Task instructions
In the data, extract each line that holds the string "everywhere".

━━━ Material to process

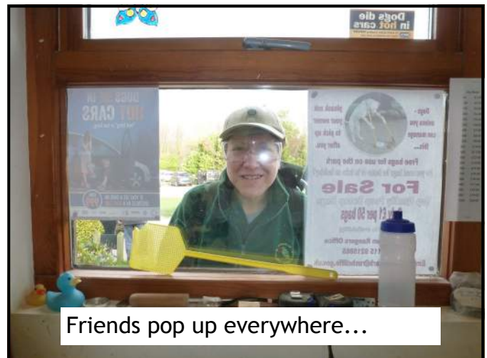
Friends pop up everywhere...
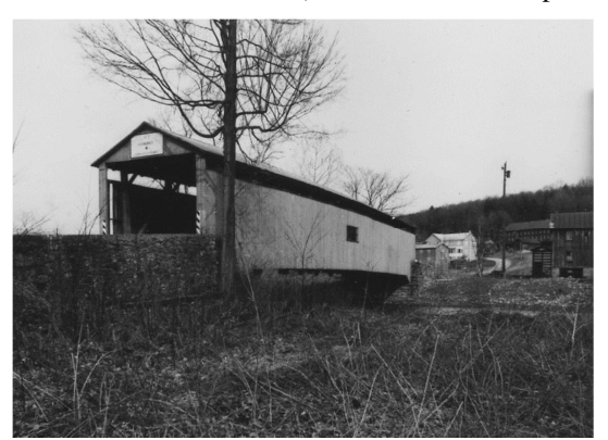
A. Schwab Photo, NSPCB Archives, April 9, 1965
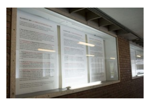
Figure 2: «Manifesto», art installation in advertising monter at Tøyen metro station in Oslo.

Countless such gestures are made both within and outside of the art institutions, in an effort to connect with wider audiences – but for reasons that are all too understandable, these efforts are nearly always limited in time and space: It is not practically possible to have art and literature installed everywhere, all the time . Or at least not without the use of spatial annotation and locative media. These techniques make it possible for texts to enter my everyday space, and yours , wherever it may be; in other words, a medium that is present in every location where it has an audience. In such a medium, the users of the system can no longer be confined to a role as passive receivers of "content". Since the gallery space has been replaced with the user's own everyday spaces, the users must be granted the maximum possibility to enter into an active role as producers and editors of "publicly created
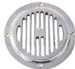
Cast Grill Cast Brass PN. N-73020R Cast Chromed Brass PN. N-73021R
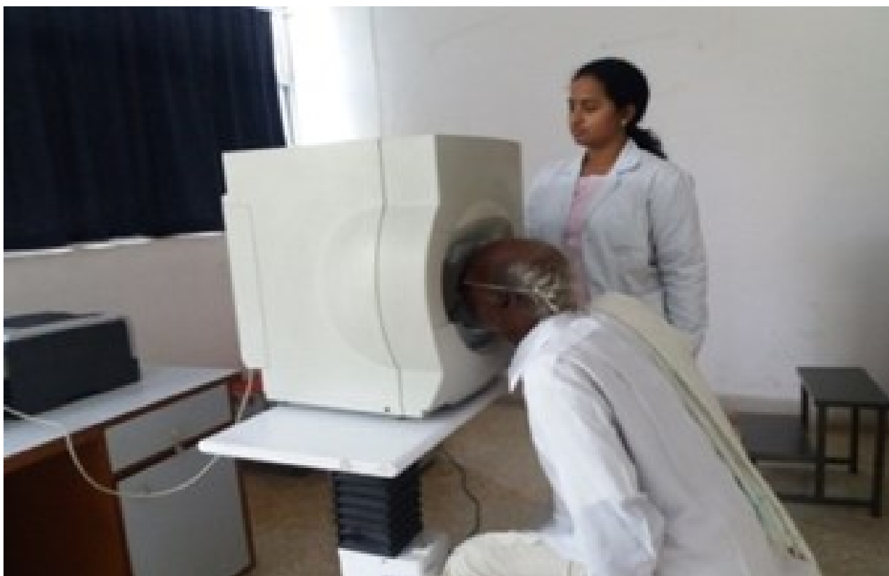
WORLD GLAUCOMA WEEK was observed by Dept. of Ophthalmology from 10 th to 16 th of March 2017. Awareness programs about Glaucoma were held at Sugutur & Holluru villages near Kolar. 13 th March 2017

━━━━━━

Reply
Friends pop up everywhere...
Countless such gestures are made both within and outside of the art institutions, in an effort to connect with wider audiences – but for reasons that are all too understandable, these efforts are nearly always limited in time and space: It is not practically possible to have art and literature installed everywhere, all the time . Or at least not without the use of spatial annotation and locative media. These techniques make it possible for texts to enter my everyday space, and yours , wherever it may be; in other words, a medium that is present in every location where it has an audience. In such a medium, the users of the system can no longer be confined to a role as passive receivers of "content". Since the gallery space has been replaced with the user's own everyday spaces, the users must be granted the maximum possibility to enter into an active role as producers and editors of "publicly created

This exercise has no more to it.